Almost a year after the event, the report into the derailment of a Madrid to Ferrol train on the A Grandeira curve approaching Santiago de Compostella, in which 79 people died, has been made public. And it is a most conveniently worded document, telling “The cause was excessive speed and lack of driver attention”, while not addressing the more disturbing aspects of the accident.
The train involved in the derailment was converted from a 130 series set, like this one seen at Alacant Terminal
We are told that “experts are recommending automatic braking systems”, but there is apparently no mention of the installation of the European Train Control System (ETCS) along most of the line from Ourense to Santiago, and that most of the trains working the sector were not using it. The ETCS sign-off point was approximately where the driver should have started to brake for the A Grandeira curve.
Moreover, the “automatic braking systems”, in the form of more “beacons” utilising the older AFSA safety system, had already been installed in the months following the accident to enforce the speed restriction. But the report focuses only on the inattention of the train’s driver, and the contribution of the guard in calling him on his company mobile – in flagrant violation of safety rules.
Signalling schematic of the accident area
So what is not being explored by the report? As I noted in the days after the accident (see HERE, HERE, HERE, HERE, HERE, HERE and HERE), there was the unreliable ETCS installation – although overspeed protection is covered – and the twin issues of survivability in the Talgo carriages, along with the stability of the generator cars used in the 730 series trains.
Of the 218 aboard the train when it derailed, more than one in three died and nobody, it seems, emerged unscathed. Those are horrendous numbers. Stories of parts of the carriage interiors coming loose during the derailment should concern anyone interested in passenger safety. Moreover, the kind of crumple zone protection used in many conventional high speed trains would not be possible here.
Modern Talgo trains have their suspension legs at carriage corners – part of the passive tilt system – so there is no crumple zone to reduce the shock of sudden deceleration. And then there are the diesel generator cars, added during conversion from straight electric trainsets to allow working beyond the limits of electrification. These derailed first, dragging the rest of the train off the track.
Talgo trains are renowned for their low centre of gravity and stability: without the generator cars, the train might not have derailed. But the report does not go there, and nor does it question the appallingly high incidence of injury and fatality. True, if maximum speed limits are observed, there would be no similar accidents. But we live in a world where human frailty demands we provide for the worst.

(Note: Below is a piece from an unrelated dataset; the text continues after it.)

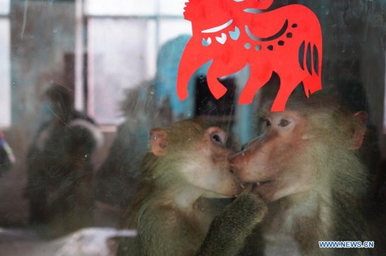 Two hamadryas baboons are seen at the Qinghai-Tibet Plateau Wild Zoo in Xining, northwest China's Qinghai Province, Feb. 10. 2021. The Qinghai-Tibet Plateau Wild Zoo on Wednesday organized an activity with the Qinghai Environmental Education Association to prepare "special dumplings" made of nuts, fruits and vegetables for the zoo animals, so that children interacted with small animals to celebrate the upcoming Chinese Lunar New Year. (Xinhua/Lan Xiang)

Just blaming the driver will not make the problems that I identified disappear.
as a driver who joined the footplate in the late 70's, I can tell you that a 'blame the driver' culture has flourished in network rail (and predecessor railtrack)since day one of privatisation. it goes to extreme (and sometimes ludicrous)lengths to pin all responsibility for safety of line incidents on the poor sod at the front of the train. only when cornered after high-profile events (hatfield, potter's bar, etc)will it come clean about poor infrastructure / shoddy maintenance / systems failures.
depressing to see this type of cowardice evident in europe.

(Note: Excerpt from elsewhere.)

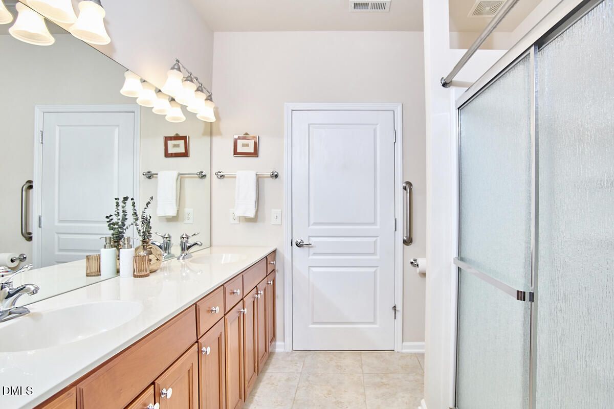 Spring has sprung in award-winning Carolina Preserve! This Pine Spring model is within walking distance of Bradford Hall, the heartbeat of this 55+ community, with indoor and outdoor swimming, tennis, pickleball, clubs, classes, and events to suit all interests. This well-maintained home offers a host of features - open floor plan, wood floors in the main living area, newer carpeting in bedrooms, generous ensuite with ample walk-in closet and large shower, light-filled sunroom, updated water heater and HVAC, tree-lined patio with retractable awning, garage with built-in cabinets, workspaces and interlocking tiled flooring. Refrigerator, washer, and dryer convey with property. All this on a quiet cul-de-sac street! See it for yourself soon!

not just a railway tradition, also armed forces.
Look at the Chinook crash 20 years ago, the conveniently dead crew were blamed for years until MoD finally agreed it was a systems fault.
The bottom line in many countries is that if a civil servant is in the firing line someone else gets the bullet.
Thank you for bringing this up to date.
The post-accident installation of additional AFSA 'beacons' begs the question "why didn't ADIF have these in place before the accident, which they might well have prevented?"
The presence of the Angrois curve at the end of the high speed section raised the risk of an incident such as this. That increased risk was foreseeable by railway management, which should have mitigated it. Scapegoating Driver Garzon alone is, in these circumstances, a disgrace.
The conviction of Robert Morgan, the driver involved in the 1989 Purley accident, was eventually quashed some 18 years later, but only after he had spent time in prison. Hope the quashing of his conviction reflects a more enlightened attitude in this country at least.
Did Spain eventually get the railway contract that was dependent upon a clean safety record? Hope not.